While the bathtub fills we sit beside each other on the edge. Now, for this moment, he seems tired. He holds his bent head in his hand, his eyes closed. He doesn’t notice the water near the top. I am the one to turn it off and slide into the tub. Then he looks at me and wets the bar of soap to wash me. I begin to feel myself disperse. I am the steam. Each molecule of my body vaporizes into transparent beads of mist. He soaps his hand and washes, washes this body, but doesn’t he know he touches nothing?
“You’re my most precious girl,” he says to me. His hand is there, between my legs. “Tell me,” he whispers. “I know. Tell me how much you want it again. Tell me how much you love it.”
He always says this to me, says he knows when I want him, when my body wants him, and only him. But I don’t understand what it is he feels there, how it is he can tell. And I don’t understand how he can say this, now when I hurt, when I couldn’t possibly want anything. So I can’t—I can’t tell him the only words he ever wants to hear me say. Instead, I pull away from him slightly, knowing I shouldn’t, knowing this will make him angry, make him want it more.
The movement had been slight, but he notices. His fingers are rigid, ordering me not to move. He tells me to unzip his shorts, tells me to make him the way I love him. And I want to say to him: Daddy, no, no. What we need now is sleep. I say nothing. He won’t see, will never see, our exhaustion. I know our bodies are finite. He’s too quickly using them up.
So Celeste smiles. Evil. Disdainful. Taunting. This slutdaughter. Her smile shows short evil teeth as she reaches for his penis.
His hand guides hers, but she can’t get it right tonight, can’t get him hard enough. They’re too tired. He won’t listen to his exhaustion. His tension is greater, and he squeezes her hand tight around it. He makes her move faster, tries to get her hand to grip it tighter, and she’s focused on it, but she can’t do it, can’t do it right, and he’s angry now. He yanks her shoulder up until she’s kneeling and he says for her to suck it. He holds her by the throat to guide her mouth to the proper rhythm but she can’t do this right either, and when she begins to gag, her taunting smile is far away and she is pulled from the tub and is on the floor, water streaming from her body. He has to have an orgasm. She knows this. He has to have one now. It is the most important thing in her life, to give him one. She knows that once he’s this far, there is no way to stop or go back, that she must do everything she can to draw it from his body. He is angry. He smears petroleum jelly on her and touches her where she’s sore, his fingers hurting her, hurting inside her, there—and when she begins to kick at him to stop he rubs her harder until she pleads with him and then, finally, when she is weeping—he loves to see her weep—he is hard now, strong, ready to fuck her. And he does.
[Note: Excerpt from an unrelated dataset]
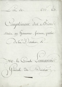 des Grenadiers à pied (demi-page in-fol. à en-tête Le Ministre de la Guerre, vignette). – Bulletin d’enregistrement du Conseil du sceau des Titres, signé par Dudon, 23 avril 1808 (1 p. et demie in-4 en partie impr.). – 2 lettres circulaires du Procureur général et du Secrétaire général du Conseil du sceau des Titres, confirmant le brevet d’investiture de la rente de 1 000 francs sur le Monte Napoleone, Paris 26 mars et 15 juillet 1810 (2 p. et demie in-fol. en partie impr., une vignette). – « Complément des biens situés en Hanovre, faisant partie de la dotation de M. le Comte Lemarois, Général de Division », 13 décembre 1810 (cahier de 12 pages sur vélin in-fol. sous chemise papier). – Copie conforme de la lettre adressée par le Ministère de la Guerre à Lemarois lui redonnant le montant de sa pension dont il a égaré le titre, Paris 10 février 1814 (1 p. in-fol.). – Instruction de la Grande Chancellerie de la Légion d’honneur pour recevoir son traitement chaque trimestre (impr., 2 p. in-fol.). – Lettre de la Grande Chancellerie de la Légion d’honneur, reçu de sa lettre et de son brevet d’officier de l’ordre royal, 24 juillet 1816 (1 p. in-4 en partie impr., adresse). {CR}On joint 3 photographies reproduisant les propriétés de la famille Lemarois : le château de Pépinvast dans la Manche et l’hôtel particulier, maintenant avenue Franklin-Roosevelt, construit par le fils du général en 1863.

Sunday morning, I stay in my bedroom until I hear my parents leave the house. Then I go into the bathroom. No one has bothered to drain the bathtub from last night. Quickly I flip the lever and thoroughly rinse the gritty residue at the bottom with cleanser and a sponge. I wash my face and brush my teeth. My hair is still dirty and tangled. I drag the brush through it, unraveling snarls. I lean over the sink and splash water on my hair until it is damp. I part it, making sure the part is as straight as possible.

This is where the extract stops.